Annie Francis, midwife and CEO Neighbourhood Midwives
 
Annie qualified as a midwife in 1998, after the birth of her four children, and then worked as a self-employed, independent midwife providing continuity of carer to women and their families for over fifteen years.

In 2010, alongside their clinical practice, Annie and a small group of midwives started work on creating a new midwifery organisation with the aim of ultimately being commissioned as an alternative midwifery provider within the NHS. The result is Neighbourhood Midwives (NM), an employee-owned, social enterprise with a strong set of values based on improving access and achieving positive outcomes for families through relationship-based care. NM started out providing a private service in London and the Southeast in July 2013, to develop a track record and test their processes. In November 2016, as a pilot in one of the seven Pioneer areas of the Maternity Transformation Programme (MTP), implementing the recommendations of the 2016 Better Births report, NM successfully launched their first NHS service in Waltham Forest. Neighbourhood Midwives have worked closely with the Waltham Forest clinical commissioning group (CCG) to develop this service in an area that offered a very limited choice to women  -  no caseload teams and very few homebirths. On the eve of NM's first anniversary, their 100th baby was born just in time to be a part of the celebrations. 53 of those babies have been born at home and 81% of all their births have been with the woman’s known midwife.

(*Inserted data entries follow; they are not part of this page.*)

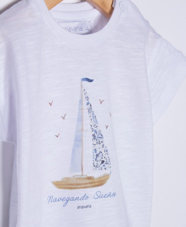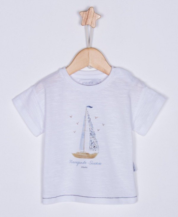 Remera amplia jersey soft con estampa delantera cuello redondo con boton , manga corta
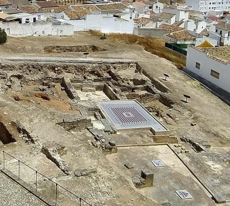Ubicadas a los pies de la Colegiata de Santa María la Mayor, las termas fueron descubiertas por casualidad el verano de 1988. Se trata de un complejo termal de carácter público, con unas construcciones fechadas en torno al siglo I d.C. Son unas edificaciones de gran robustez, realizadas a base de grandes sillares y piletas de cierta extensión recubiertas de mortero hidráulico; en el exterior están revestidos de mármoles. El conjunto se completa con un gran mosaico polícromo del siglo III, en cuyo medallón se representa una divinidad marina. La importancia de las termas reside en su carácter monumental y en la confirmación de la existencia del asentamiento urbano de Antikaria, conocido hasta ese momento sólo por fuentes escritas.
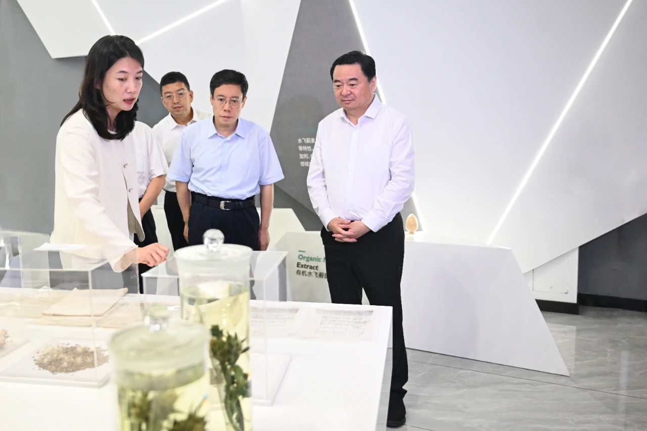省委书记、省人大常委会主任郝鹏在辽宁丰瑞天成生物技术有限公司了解企业发展历程和当地水飞蓟产业发展规划。
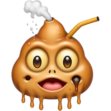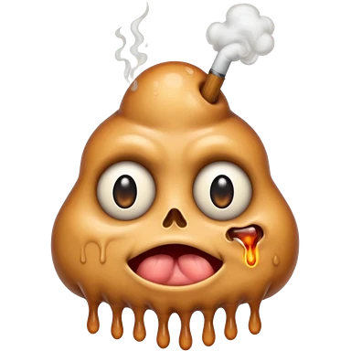EXTREMELY Geeked Emoji of a sebacous gland cell smoking with freaky eyes and leaking and melting emoji
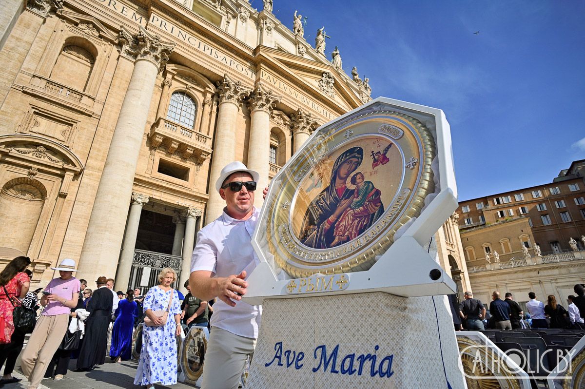 Святы Айцец благаславіў копіі найбольш шанаваных на нашых землях Марыйных абразоў, якія, а таксама атрымаў у дар спіс іконы Маці Божай Будслаўскай.
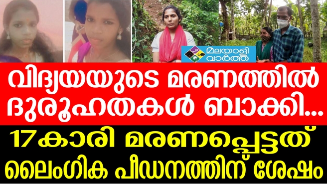 വിദ്യയയുടെ മരണത്തിൽ ദുരൂഹതകൾ ബാക്കി... 17കാരി മരണപ്പെട്ടത് ലൈംഗിക പീഡനത്തിന് ശേഷം....
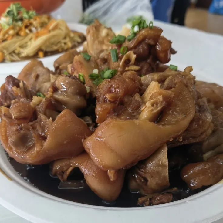早上9点不到,居民们就带着热乎的菜品来摆盘装饰。除了腊八粥、红枣莲心糖藕等腊八美食外,还有红烧肉、素什锦、红烧猪蹄、油爆虾、烤麸、回锅肉等家常美味。
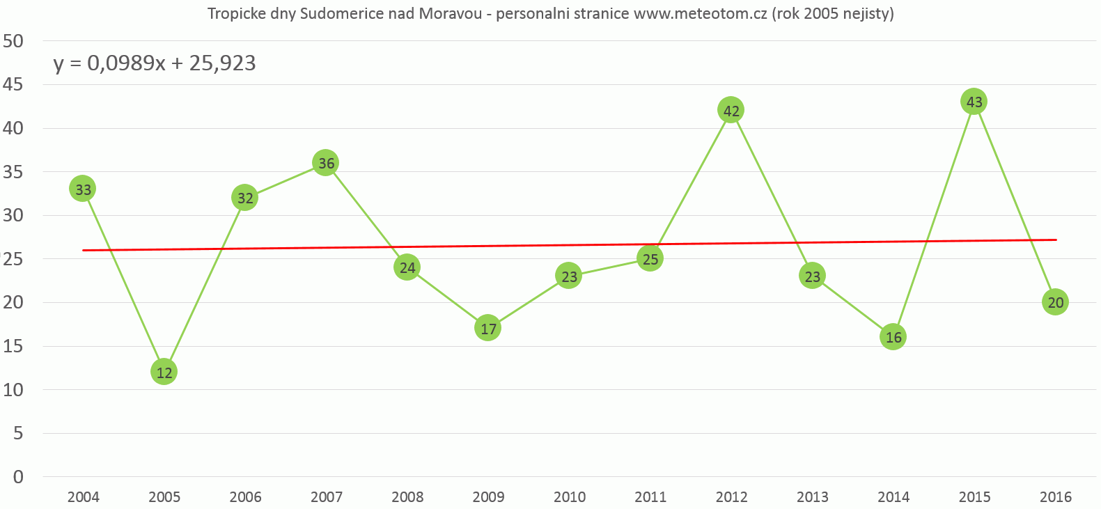 Počet tropickýchz dnů je velmi vysoký, ale o dost nižší než Kunovice. Yřejně je stanice Kunovice nějaká specifická. Trend počtu tropických dnů je v Sudoměřicích nevýrazný, také kvůli chybějícím rokům 2000-2003.
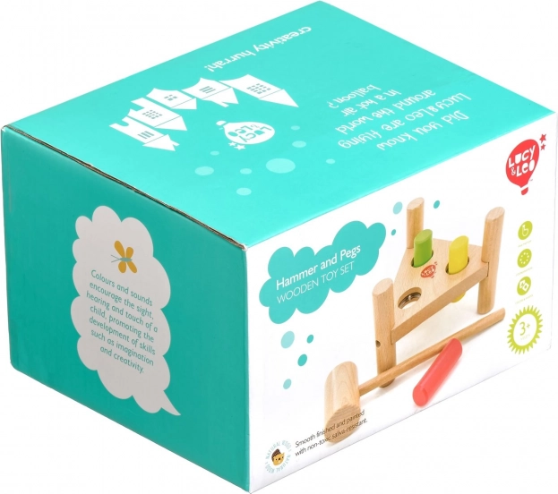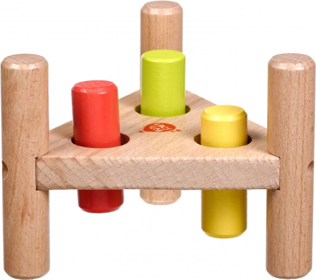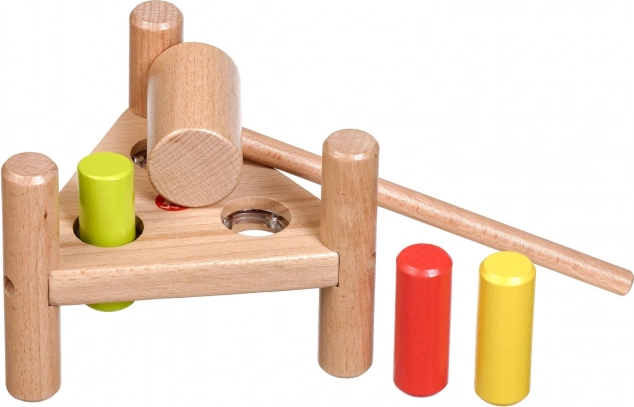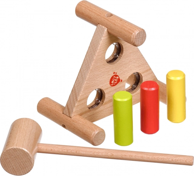 Zabavna drvena čekićarka u netradicionalnom trokutastom obliku potiče finu motoriku, koordinaciju oko–ruka i koncentraciju. Tri obojena klina lako se zabijaju drvenim čekićem, a nakon što su zabijeni, dovoljno je postolje okrenuti i zabava može početi iznova.
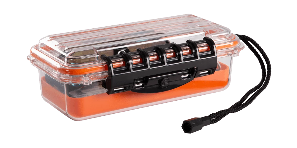 Plano’s Guide Series waterproof cases are an excellent way to protect valuables on the water. Cam-action latches and a Dri-Loc O-ring seal provide an airtight, waterproof environment so your valuables can travel with you worry-free. Rubber feet on the bottom prevent the case from slipping overboard. Even if they go overboard, your phone, wallet, keys, etc.. stay safe in one meter of water for up to 30 minutes.

As an aspiring Teal organisation, Neighbourhood Midwives' long term ambition - having tested the concept with the pilot - is to set up more self-managing teams of midwives in the community, supported by independent coaches and linked in to a central administrative team (similar to Buurtzorg). The challenge is how to safely manage and implement this innovative approach in what is traditionally seen as the litigious and high risk environment of maternity services.

Annie still carries a small caseload herself and speaks regularly at midwifery conferences and workshops about the challenges and rewards of this way of working. She was a member of NHS England’s national maternity review team which published their recommendations in the Better Births report in February 2016. Annie was then invited to be a member of the current Maternity Transformation Programme (MTP) Stakeholder Council which oversees the implementation of Better Births.